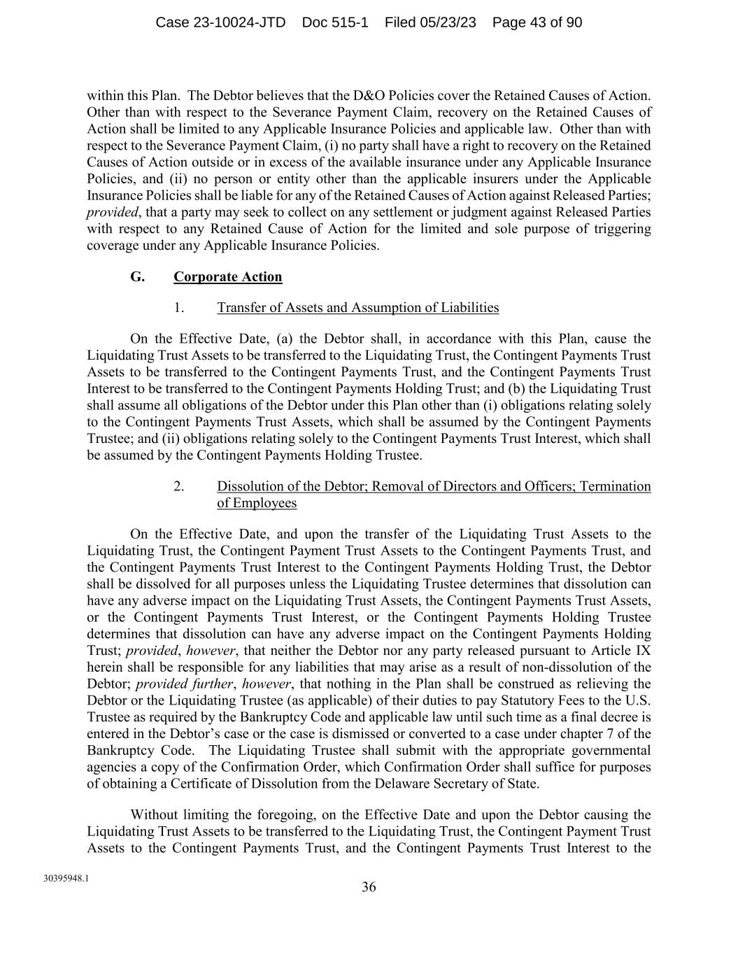 本计划内的3630395948.1。债务人认为,D & O政策涵盖了保留的诉讼理由。除遣散费索偿外,对保留诉讼因由的追讨应限于任何适用的保险单和适用的法律。除遣散费索偿外,(i)任何一方均无权在任何适用保险单下的可用保险之外或超出任何适用保险单下的可用保险的范围内,就保留的诉讼因由要求赔偿;(ii)除适用保险单下的适用保险人外,任何人或实体均不得对任何保留的针对被解除当事人的诉讼因由承担赔偿责任,但前提是,一方当事人可寻求就任何保留的诉讼因由对被解除当事人作出的任何和解或判决收取费用,其目的仅限于触发任何适用保险单的承保范围。G.公司行动1。在生效日期,(a)债务人应按照本计划安排将清算信托资产转移至清算信托,或有付款信托资产转移至或有付款信托,或有付款信托利息转移至或有付款持有信托;(b)清算信托应承担债务人在本计划下的所有义务,但(i)仅与或有付款信托资产有关的义务除外,(二)仅与或有付款信托利息有关的债务,应由或有付款受托人承担。2.债务人的解散;董事和高级职员的免职;雇员的终止于生效日期,在清算信托资产转移至清算信托、或有付款信托资产转移至或有付款信托、或有付款信托利息转移至或有付款持有信托时,债务人应为所有目的而解散,除非清算受托人确定解散可能对清算信托资产、或有付款信托资产或或有付款信托利息产生任何不利影响,或或有付款控股受托人确定,解散可能对或有付款控股信托产生任何不利影响;但债务人或根据本条第九条解除的任何一方均不应对因债务人不解散而可能产生的任何责任负责;但进一步规定,本计划不得解释为免除债务人或清算受托人(如适用)按照《破产法》和适用法律的要求向美国受托人支付法定费用的责任,直至债务人的案件被作出最终裁定,或案件被驳回或根据《破产法》第7章被转换为案件为止。清算受托人应向有关政府机构提交确认令副本,确认令应足以从特拉华州国务卿处获得解散证书。在不限制上述规定的情况下,自生效之日起,债务人将清算信托资产转移至清算信托,或有付款信托资产转移至或有付款信托,或有付款信托利息转移至案件23-10024-JTD Doc 515-1提交05/23/23第43页,共90页
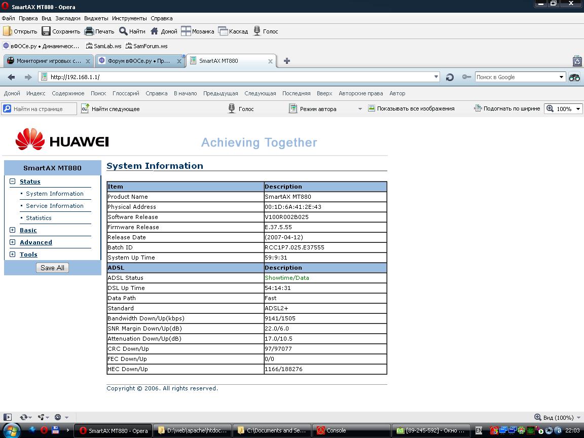 Поэтому и говорю, что только из-за модема больше выжать не могу.Описание: aDSL модем HUAWEI SmartAX MT882
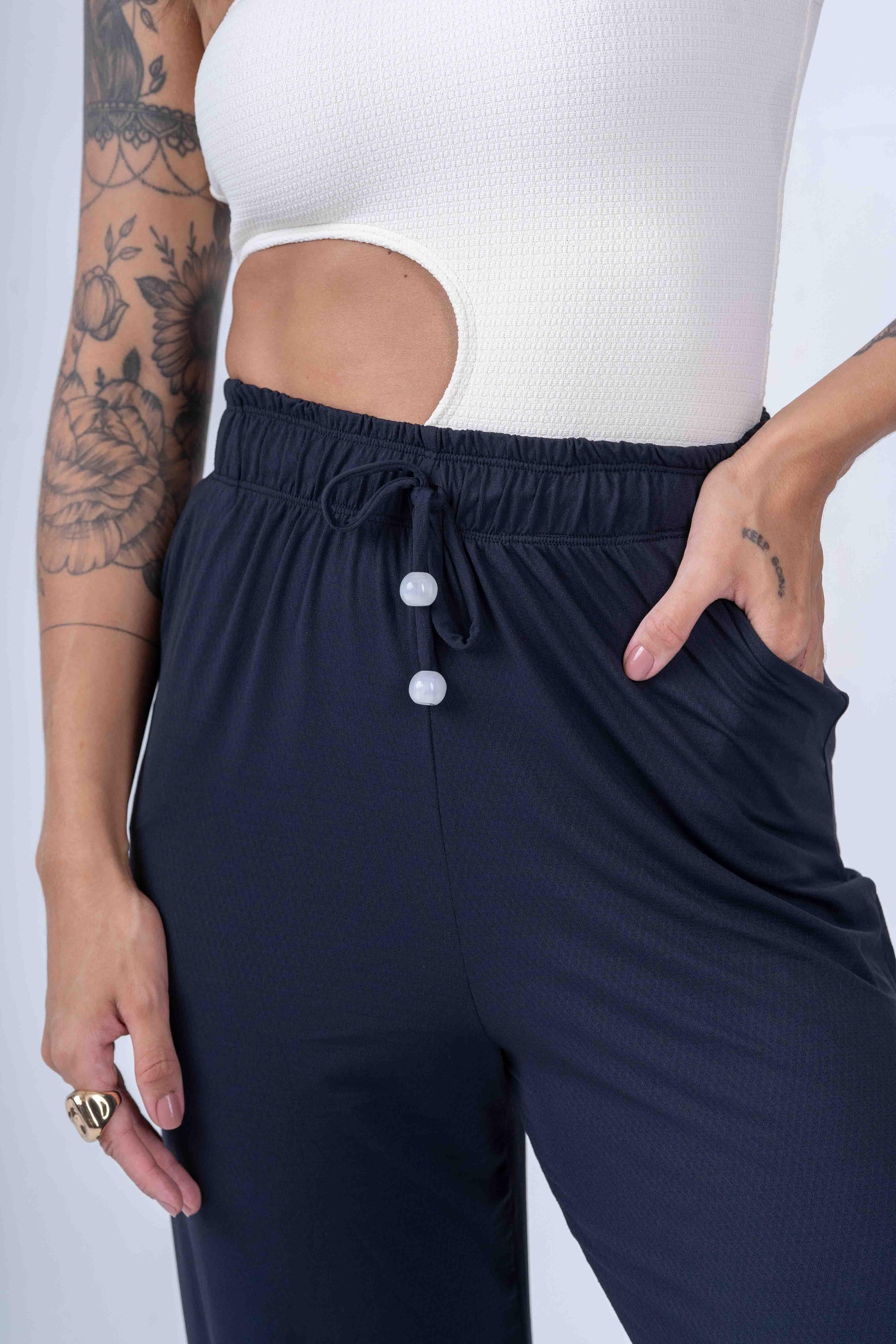 - Ajuste Personalizado: Graças à cintura alta e as cordinhas ajustáveis, você pode modelar a calça conforme suas preferências, garantindo conforto e estilo.
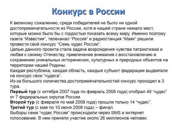К великому сожалению, среди победителей не было ни одной достопримечательности из России, хотя в нашей стране немало мест, которые можно было бы с гордостью показать всему миру. Именно поэтому газета “Известия”, телеканал “Россия” и радиостанция “Маяк” решили провести свой конкурс “Семь чудес России”.

______________________________

Every line of the listing above is to be set down verbatim, without the pictures.

 本计划内的3630395948.1。债务人认为,D & O政策涵盖了保留的诉讼理由。除遣散费索偿外,对保留诉讼因由的追讨应限于任何适用的保险单和适用的法律。除遣散费索偿外,(i)任何一方均无权在任何适用保险单下的可用保险之外或超出任何适用保险单下的可用保险的范围内,就保留的诉讼因由要求赔偿;(ii)除适用保险单下的适用保险人外,任何人或实体均不得对任何保留的针对被解除当事人的诉讼因由承担赔偿责任,但前提是,一方当事人可寻求就任何保留的诉讼因由对被解除当事人作出的任何和解或判决收取费用,其目的仅限于触发任何适用保险单的承保范围。G.公司行动1。在生效日期,(a)债务人应按照本计划安排将清算信托资产转移至清算信托,或有付款信托资产转移至或有付款信托,或有付款信托利息转移至或有付款持有信托;(b)清算信托应承担债务人在本计划下的所有义务,但(i)仅与或有付款信托资产有关的义务除外,(二)仅与或有付款信托利息有关的债务,应由或有付款受托人承担。2.债务人的解散;董事和高级职员的免职;雇员的终止于生效日期,在清算信托资产转移至清算信托、或有付款信托资产转移至或有付款信托、或有付款信托利息转移至或有付款持有信托时,债务人应为所有目的而解散,除非清算受托人确定解散可能对清算信托资产、或有付款信托资产或或有付款信托利息产生任何不利影响,或或有付款控股受托人确定,解散可能对或有付款控股信托产生任何不利影响;但债务人或根据本条第九条解除的任何一方均不应对因债务人不解散而可能产生的任何责任负责;但进一步规定,本计划不得解释为免除债务人或清算受托人(如适用)按照《破产法》和适用法律的要求向美国受托人支付法定费用的责任,直至债务人的案件被作出最终裁定,或案件被驳回或根据《破产法》第7章被转换为案件为止。清算受托人应向有关政府机构提交确认令副本,确认令应足以从特拉华州国务卿处获得解散证书。在不限制上述规定的情况下,自生效之日起,债务人将清算信托资产转移至清算信托,或有付款信托资产转移至或有付款信托,或有付款信托利息转移至案件23-10024-JTD Doc 515-1提交05/23/23第43页,共90页
 Поэтому и говорю, что только из-за модема больше выжать не могу.Описание: aDSL модем HUAWEI SmartAX MT882
 - Ajuste Personalizado: Graças à cintura alta e as cordinhas ajustáveis, você pode modelar a calça conforme suas preferências, garantindo conforto e estilo.
К великому сожалению, среди победителей не было ни одной достопримечательности из России, хотя в нашей стране немало мест, которые можно было бы с гордостью показать всему миру. Именно поэтому газета “Известия”, телеканал “Россия” и радиостанция “Маяк” решили провести свой конкурс “Семь чудес России”.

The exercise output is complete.